Anything's pocketable with sufficiently large pockets ;-)
The Psion would fit well into a coat or jacket pocket, or cargo pants/shorts, and easily fit into a satchel or messenger bag.
The Psion S3 dimensions are 165 mm x 85 mm x 22 mm (6.50 in x 3.35 in x 0.87 in). Contrast the iPhone 15 at 147.6 mm x 71.6 mm x 7.8mm (5.81" x 2.82" x 0.31"), and the iPhone 15+ at 160.9 mm x 77.8 mm x 7.8 mm (6.33" x 3.06" x 0.31"). Other than thickness, these are pretty comparable.
What it offers most specifically, however, is a useful and usable set of capabilities, in both hardware and software: full keyboard, email, calendar, Web, word processing, spreadsheet, contacts.
I've known journalists who've used it as their mobile platform for gathering and filing news stories, which also means it passes the "professional use" test.

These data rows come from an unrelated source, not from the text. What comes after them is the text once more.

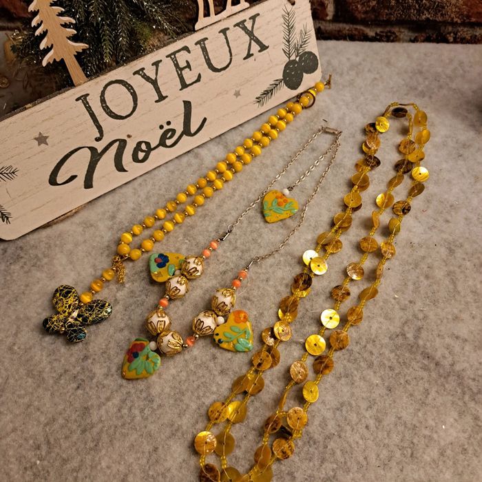Lots de colliers jaunes doré multicolore - photo numéro 3
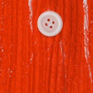 A vibrant red and white button-up jacket from Issey Miyake beautifully crafted in the brand's signature 'crinkled' texture. This jacket comes in an orange-red colour with white accents dispersed throughout and features a pair of front slip pockets, a mock neckline, and a row of six white buttons down the front for fastening.
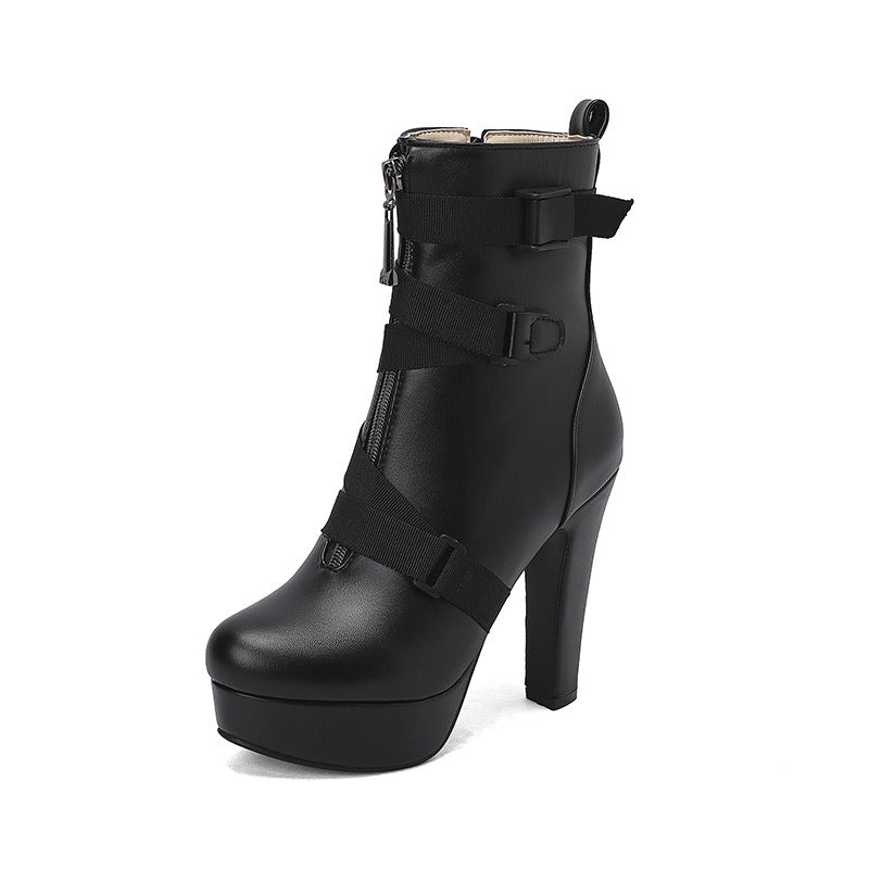 - Dikke hoge hak voor extra hoogte en zelfvertrouwen.
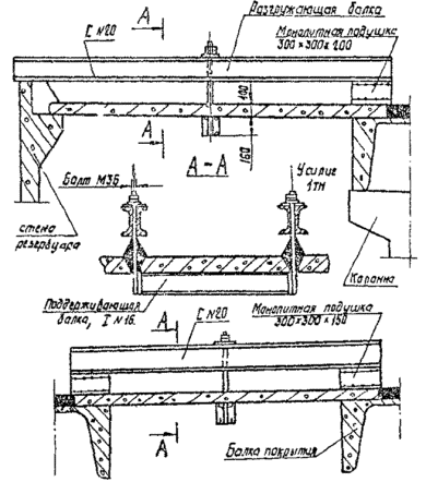 Покрытие резервуара выполнено из плоских сборных плит трапециевидной формы толщиной 120 мм, укладываемых по прямолинейным балкам П-образного сечения. В центре покрытия резервуара расположена центральная плита диаметром 6,7 м, состоящая из двух половин и опирающаяся на 4 колонны. Плиты и балки изготовлены из бетона М-300 повышенной плотности. Они армированы предварительно напряженной арматурой и сварными сетками. Швы между плитами замоноличены бетоном. Поверх покрытия уложена стяжка из бетона толщиной 40 мм.
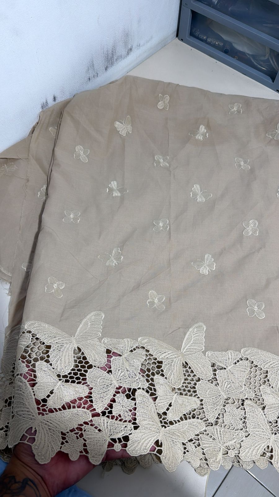 Retalho - Lesse Bege Barrado Borboleta
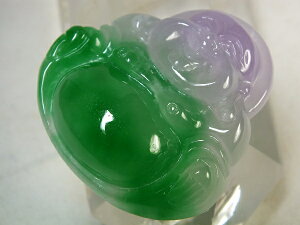 サイズ:41×41×厚11mm 重さ:26.1g ●緑色が綺麗なミャンマー翡翠。仄かにラベンダー色も混ざった珍品です彫られているのは、開運と、良縁・子宝の神、布袋様です。石コレクションやお守りに。上...
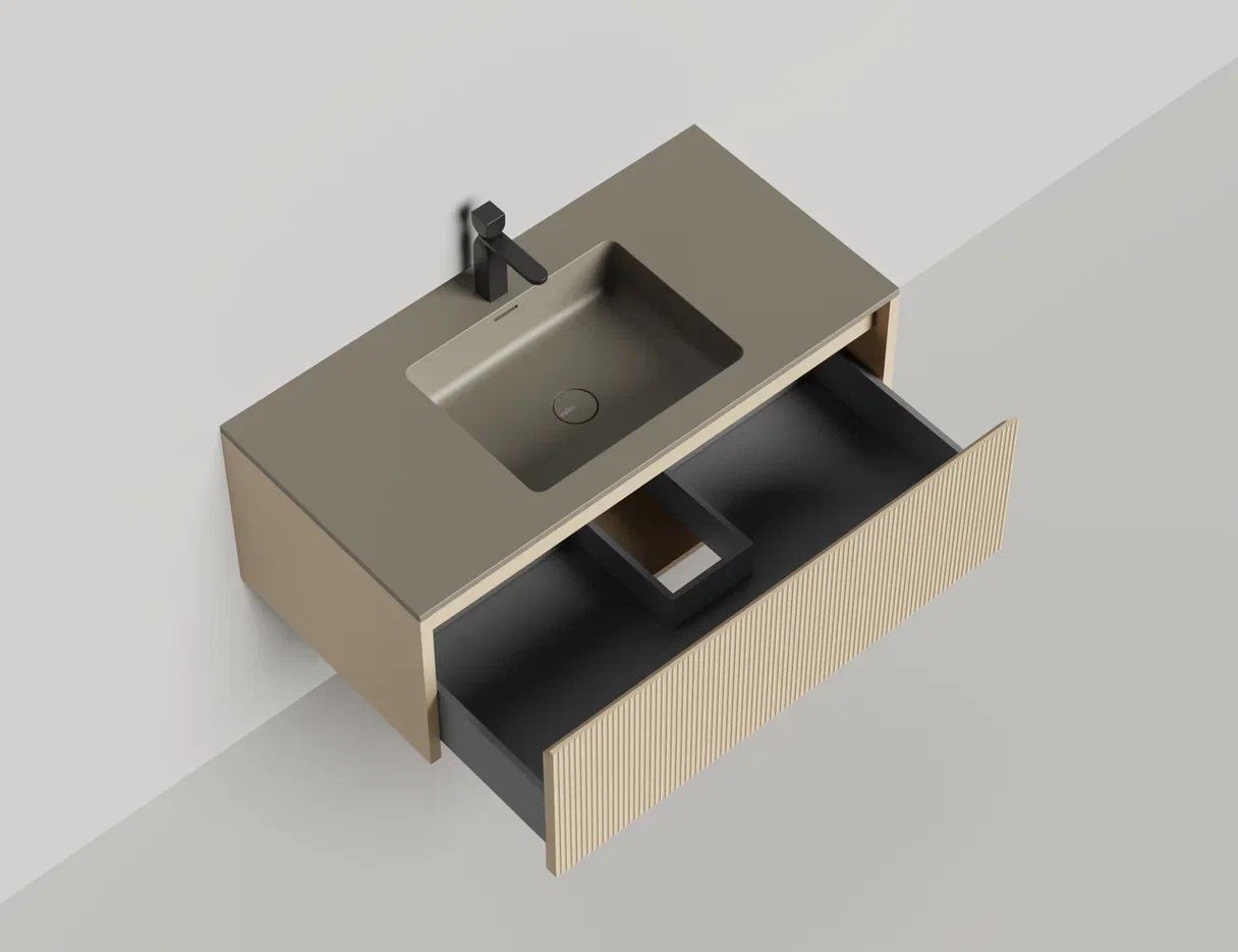 Наполнение для тумбы включает: блоки ячеек для тумб, коврики и комплект внутренней подсветки, которые помогут организовать пространство и создать более удобный доступ к вещам.Тумба DOMINO, дополненная столешницей COSTA из каменного литья S-Stone, гарантирует практичность и простоту ухода.
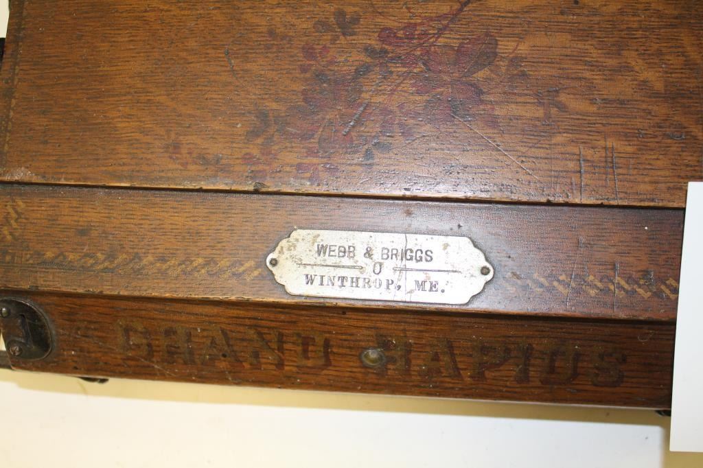 Antique wood and iron mounted floor sweeper marked “BISSELL’S/GRAND RAPIDS” with metal plate “WEBB & BRIGGS/WINTHROP, ME”, in overall good condition for its age (ca. early 1900’s). Est.: $50-$100.
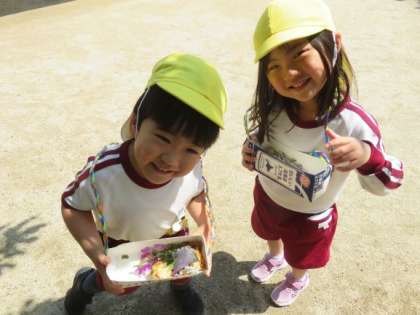 姫島幼稚園では、好きな遊びの時間の中で特に自然とふれあって遊ぶことをねらいとした「わくわくタイム」を行っています。今年度初めてのわくわくタイムでは、春の草花や昆虫を探したり、草花を使って遊んだりする姿が多く見られました。

Somehow it's been 13 years and none of the available phone OSes have managed to be as usable or user-focused as WebOS was. Nor as easily hackable. The hardware was smooth like a river rock in your pocket, but still had an easily found physical slider switch to silence the device. It had wireless charging as a standard feature. And the software stack was familiar to any desktop Linux user with just a custom display layer on top. Complex multi-tasking was effortless on it (thanks in part to the gesture area and also the OS's cards interface). And it combined all contacts and messages regardless of communications channel into a unified interface. Oh, also, replaceable batteries!
Unfortunately HP played musical CEOs (three in less than a year) and one of them didn't see phones or PCs as businesses they should be in.
Former owner of Nokia E71, Nokia N900 (both user replaceable battery), Planet Computers Cosmo Communicator and Astro Slide (like old Psion keyboard): not really. The keys on this smartphone are very small, therefore annoying to use. The larger they are though, the bulkier.
You're also stuck in either portrait or landscapr mode. Whereas a touchscreen smartphone can reuse the touchscreen for say watch a movie or use different input (like say gamepad).
I believe the current innovation trend lies in those small foldables. Of course, small form factor and dual screen has disadvantages for battery, repairability, and ridiculously high price.
iPhone 4 was a great size and looked great, but the sharp edges would wear through your jeans in a way that the earlier iPhones did not. That's my only complaint.